Yet cynicism is nowhere to be found in “Those Pretty Wrongs,” the new album Stephens is releasing with his latest collaborator, songwriter-guitarist Luther Russell, and from which they’ll be drawing on Friday, April 22, when their duo, also named Those Pretty Wrongs, headlines the Echo in Echo Park.

“That’s not the way I was raised,” Stephens said softly in his office at Memphis’ celebrated Ardent Studios, which is marking its 50th anniversary this year. It’s where all three Big Star albums were recorded, and where much of “Those Pretty Wrongs” was made. Ardent also has been the sight of countless recording sessions for acts big and small, superstars and never-weres, from Led Zeppelin and ZZ Top to the White Stripes, B.B. King and Stevie Ray Vaughan.

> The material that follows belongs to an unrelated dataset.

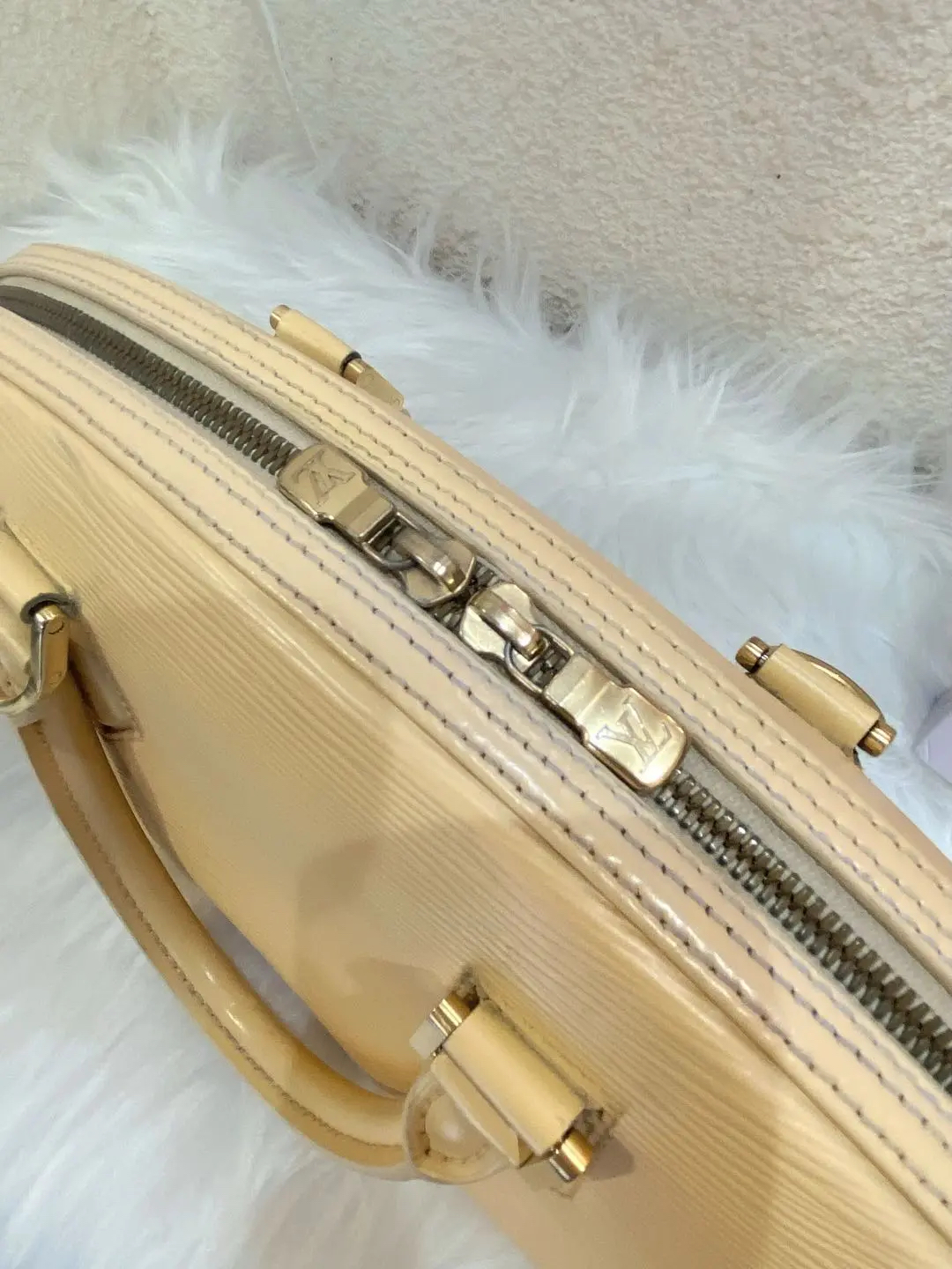 【商品详情】正品二手 LV JASMIN 浅黄色 水波纹 牛皮 小号 手提包🐚95新 31*19。拉链布和边角正常使用感。时尚经典之选
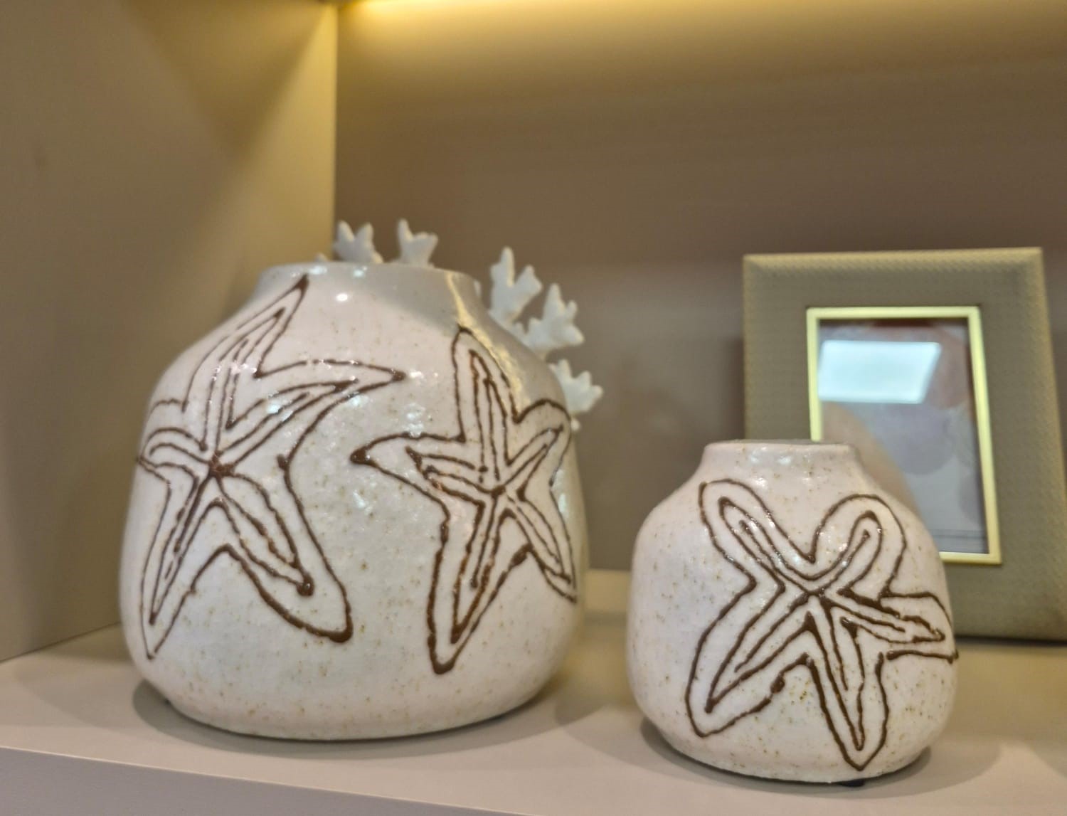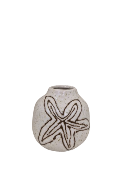 Vaso decorativo feito em cerâmica esmaltada na cor branca, com detallhes de estela do mar.

“My dad and mom, but my dad, especially, was just a positive guy,” Stephens said. “He was always a grateful human being, and I know that translated to me. I’ve done a bit of traveling in my time, and when you look around the world, you realize, wow, if you have a roof over your head and clothes to wear and food to eat, and those are constants in your life, you’re pretty damned lucky.”

That attitude manifests most directly on “Those Pretty Wrongs” in the song “Lucky Guy,” in which Stephens sings about simple things for which he feels grateful.

Elsewhere, there’s an innocence — even sweetness — in the accessible pop-rock songs he and Russell have written together, including “The Cube,” woven from images and phrases lifted off a cube he found touting various circus acts from long ago.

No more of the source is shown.